А ещё — руки моего консорта. Тонкие, сильные пальцы Целителя, так сильно сжимавшие мои кисти, что ещё мгновение, и хрупкие косточки были бы сломаны. Так сильно — и в то же время совершенно бесполезно.
Они увидели, если отбросить всё лишнее, обычную семейную ссору. Живое, шипящее и скалящее клыки доказательство того, что эль-леди невозможно контролировать, приставив к ней мужа. Скорее наоборот. Оч-чень наоборот. Вряд ли сами высокие лорд и леди это осознавали: после сегодняшнего вечера у них не будет особых возражений против того, чтобы Хранительницей стала эль-ин, не связанная с Эйхарроном уж слишком тесными эмоциональными узами.
А мнение этих двоих будет иметь решающее значение в данном вопросе.
Я отпила тёмно-красного, терпкого вина и подняла бокал, любуясь игрой света и тени. По губам змеилась медленная, совсем невесёлая улыбка. Дараи. Так уверены, что ничто не может затронуть их эмоций, надёжно защищены непроницаемыми щитами. Так абсурдно считающие, что если в сознании собеседника не светятся блуждающими огнями мысли о хитром и коварном трёхслойном плане, то и плана этого нет и быть не может. Люди…
Ауте, как они примитивны.
В такие моменты мне иногда казалось, что эти существа слишком глупы, чтобы выжить в нашем самом лучшем миров.
В такие моменты я сама казалась себе… старой.
Аррек сидел напротив, в другом конце комнаты, и его перламутровая кожа казалась единственным светлым островом в море зыбкой, неустойчивой тьмы.
Движение.

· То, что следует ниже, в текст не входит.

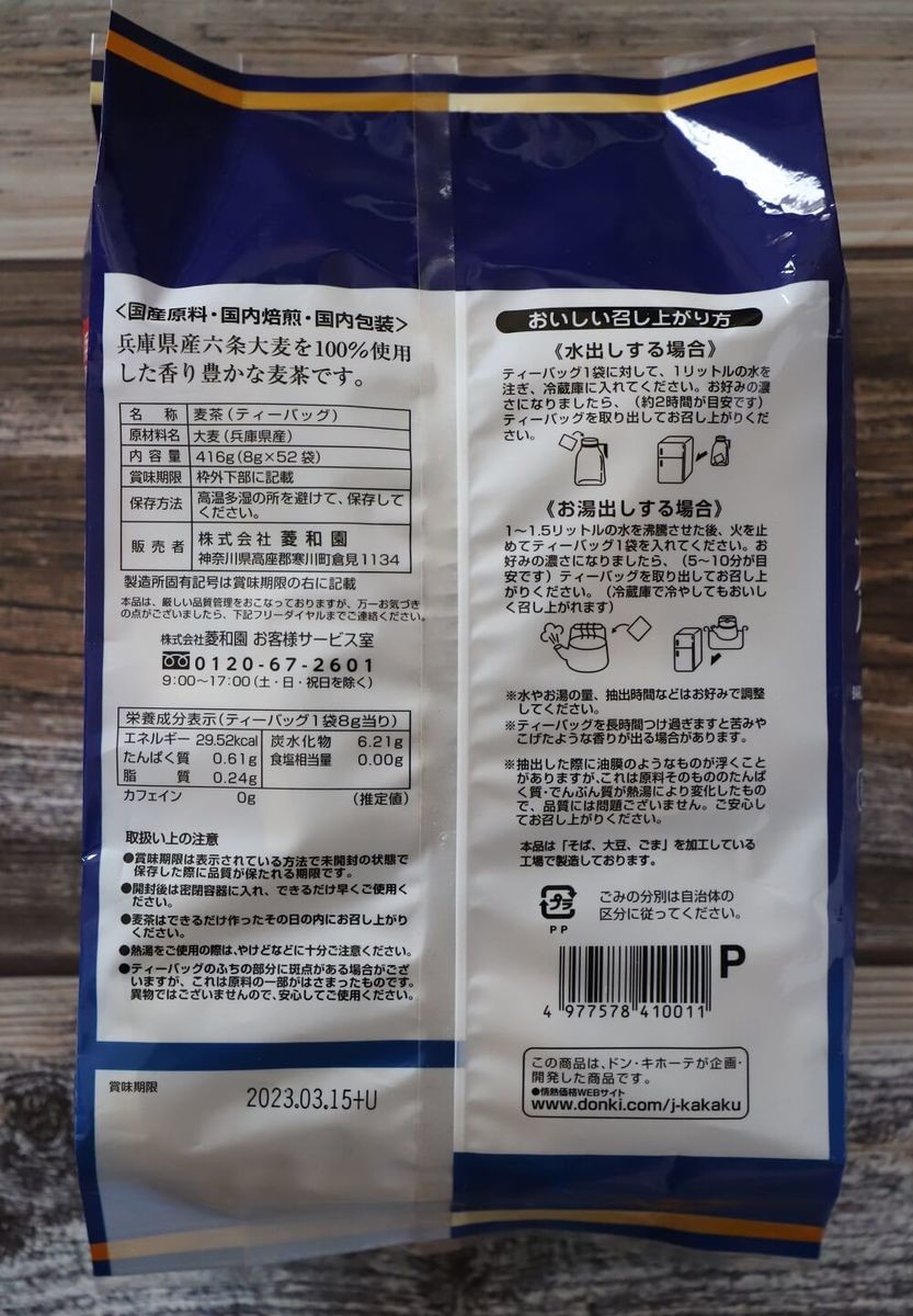 - 右:某メジャーな麦茶(カナダ、オーストラリア、日本産)
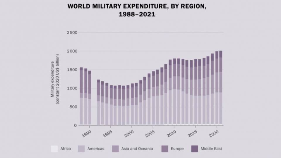 El gasto militar mundial superó por primera vez en la historia los dos billones de dólares en 2021. Así lo revela un nuevo informe del Instituto Internacional de Investigación para la Paz de Estocolmo.
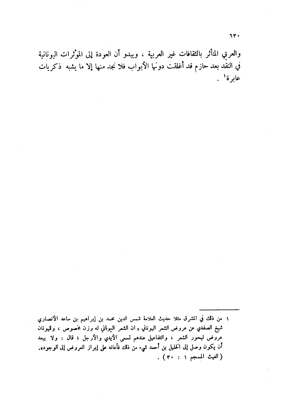 (1) من ذلك في المشرق مثلا حديث العلامة شمس الدين محمد بن إبراهيم بن ساعد الأنصاري شيخ الصفدي عن عروض الشعر اليوناني " أن الشعر اليوناني له وزن مخصوص، واليونان عروض لبحور الشعر، والتفاعيل عندهم تسمى الأيدي والأرجل؛ قال: ولا يبعد أن يكون وصل إلى الخليل بن أحمد شيء من ذلك فأعانه على إبراز العروض إلى الوجود ". (الغيث المسجم 1: 30) .
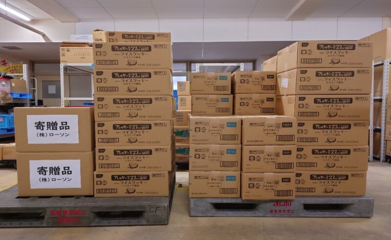 令和7年12月11日、株式会社ローソン様からご寄贈の災害備蓄食品、フードドライブでお集めいただきました食品や日用品を佐賀県よりおつなぎいただきました。
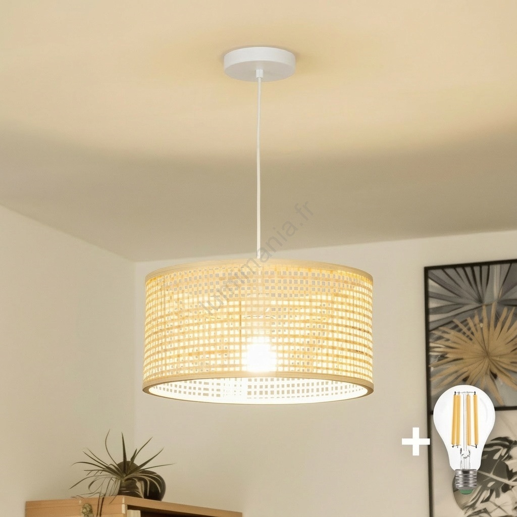 Brilagi - Suspension LED sur câble CERIA BOHO 1xE27/40W/230V Ø 25 cm en bambou caractérise un design agréable et fonctionnel.  Une ampoule à culot E27 convient pour ce luminaire. Ici, vous pouvez acheter d'autres ampoules à des prix avantageux. Vous aurez un ajout intéressant dans votre intérieur.
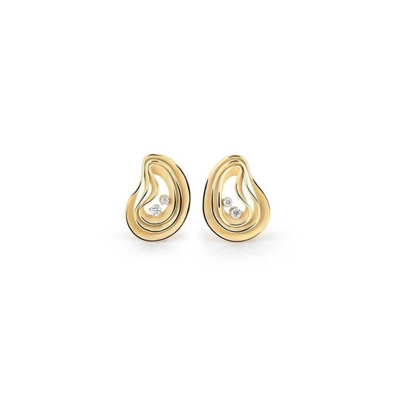 Orecchini Collezione Essential Dune Atolli con tre fascie concentriche ondulate in oro giallo sunrice 750‰ lucido e satinato con due diamanti naturali taglio brillante. Riferimento: GOR3085U
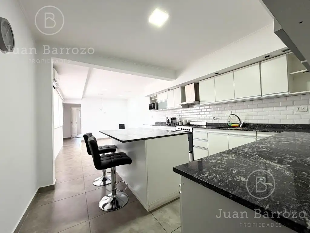 Portón de rejas automatizado, ingreso a gran living al frente, cocina con muebles sobre y bajo mesada completo, isla con mesada tipo desayunador, lavadero cubierto y toilette, escritorio o dormitorio de servicio al contrafrente.

Мой консорт поднял свой бокал и молча отсалютовал мне.
— Блестяще. Очень ловко проделано, любимая, — первые слова, нарушившие тишину. Голос его был очень музыкален и, как всегда, очень красив.

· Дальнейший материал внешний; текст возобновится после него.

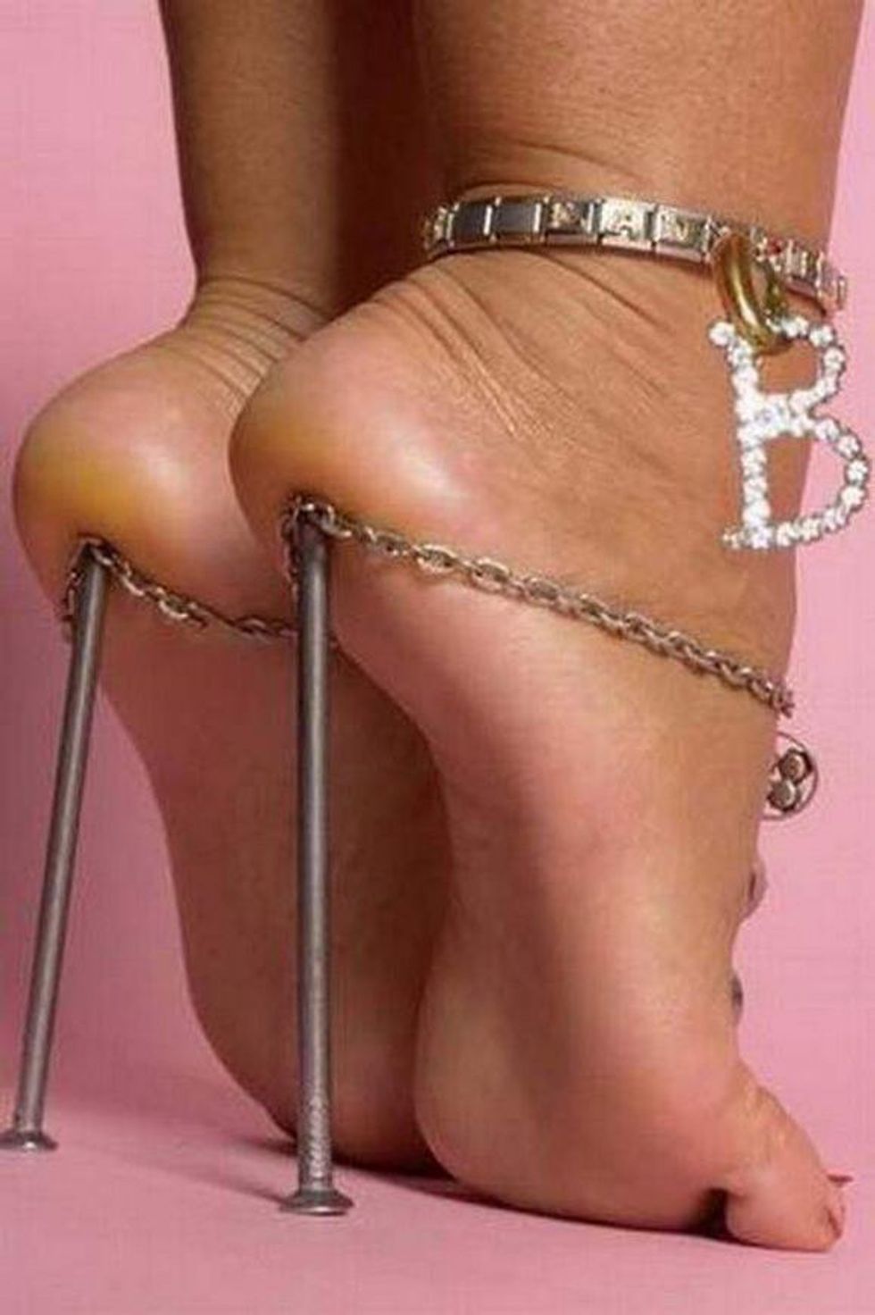 I'm wincing just looking at this girl's feet. I think those might be actual nails she's balancing her weight on. Why? Why would you do this?
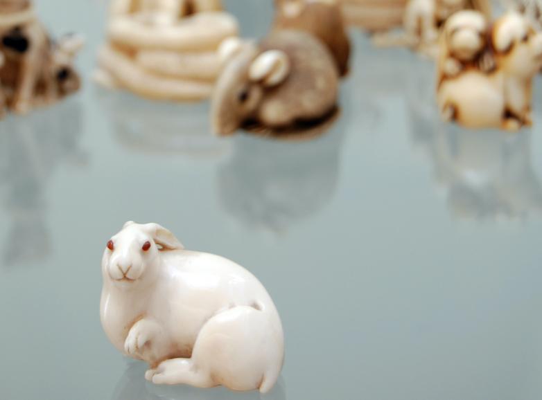 Various netsuke from the de Waal Family Collection. In the foreground: Recumbent hare with raised forepaw, signed Masatoshi ivory, eyes inlaid in amber colored buffalo horn. Osaka, Japan, ca. 1880.

Отмахнулась движением ушей.
— Ты и половины не понял из того, что я сделала. — Потом, после паузы: — Не уверена, что сама это понимаю.

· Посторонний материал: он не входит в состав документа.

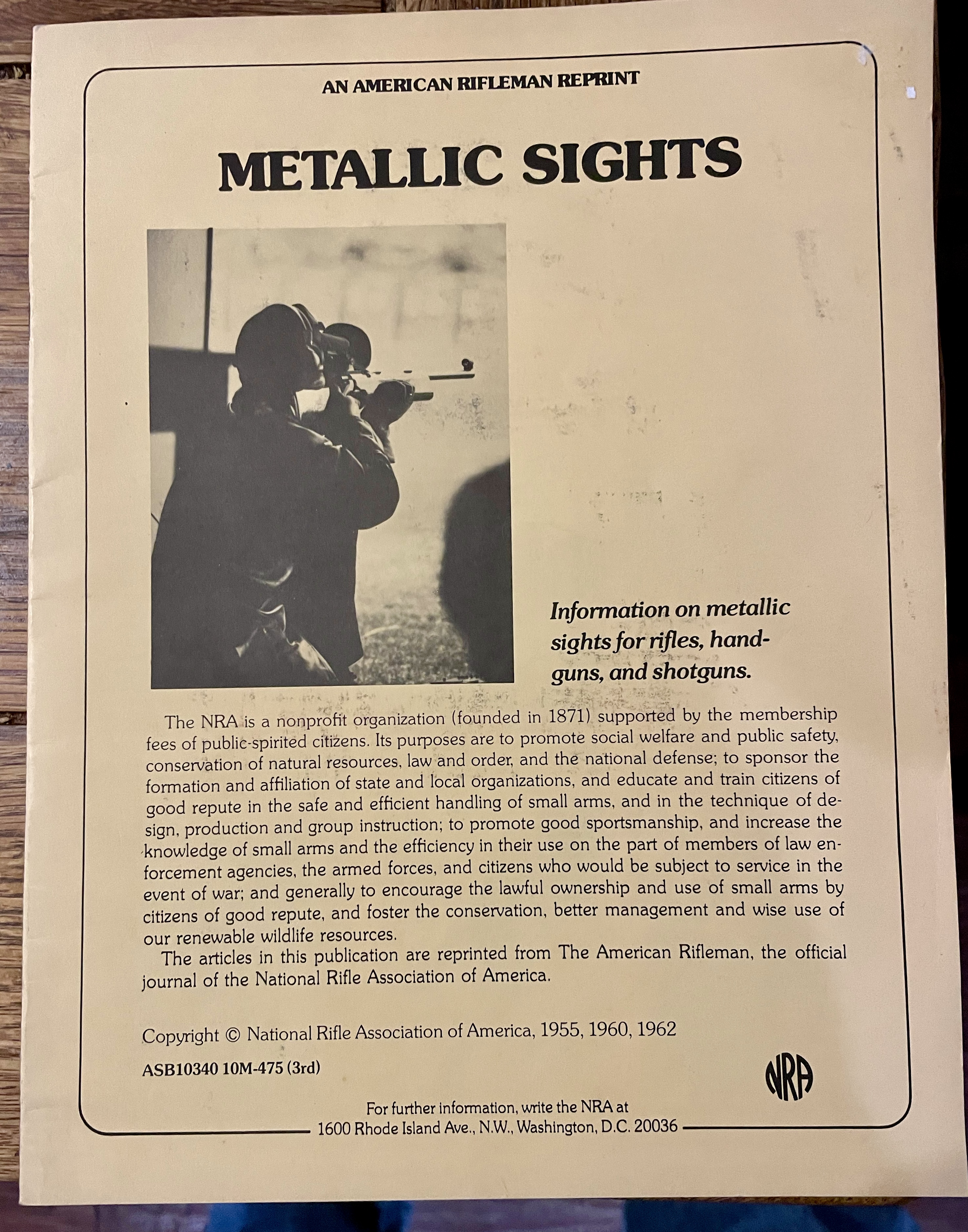 An American Rifleman Reprint: Metallic Sights, National Rifle Association, Washington, DC, 1962.

Улыбнулся. По крайней мере я предпочла счесть это улыбкой, кривящейся среди неустойчивой игры теней.
— «Эль-ин, тем более Мать Клана, ничего не делает только по одной причине», — процитировал он. — Об этом легко забыть. Особенно, когда речь идёт о тебе.
И через некоторое время:
— Приношу свои извинения.
Я молчала.
Аррек сделал ещё один медленный глоток, ни на секунду не отрывая от меня пристального взгляда. Ни любви, ни доброты, ни жалости не осталось в знакомых глазах. Только сталь.
— Я нашёл способ обмануть истощение туауте. Технические подробности утомительно сложны, но основывается всё на том, что ты — вене, обладающая фактически неисчерпаемым потенциалом физической и психической адаптивности. А я — твой риани, что означает связь на очень глубоком энергетическом уровне. Потребовалось разработать тонко сбалансированную систему влияний и контрвлияний, но общую идею ты должна была уловить из тех листов, которые передала Лейри. На начальном этапе процесса я подключаюсь к вегетативным и мотивационно-волевым компонентам и корректирую каскад реакций так, что истощения и последующей смерти не происходит. Осуществляется постоянная энергетическая подпитка. Коррекция должна идти непрерывно, хотя и может осуществляться на расстоянии.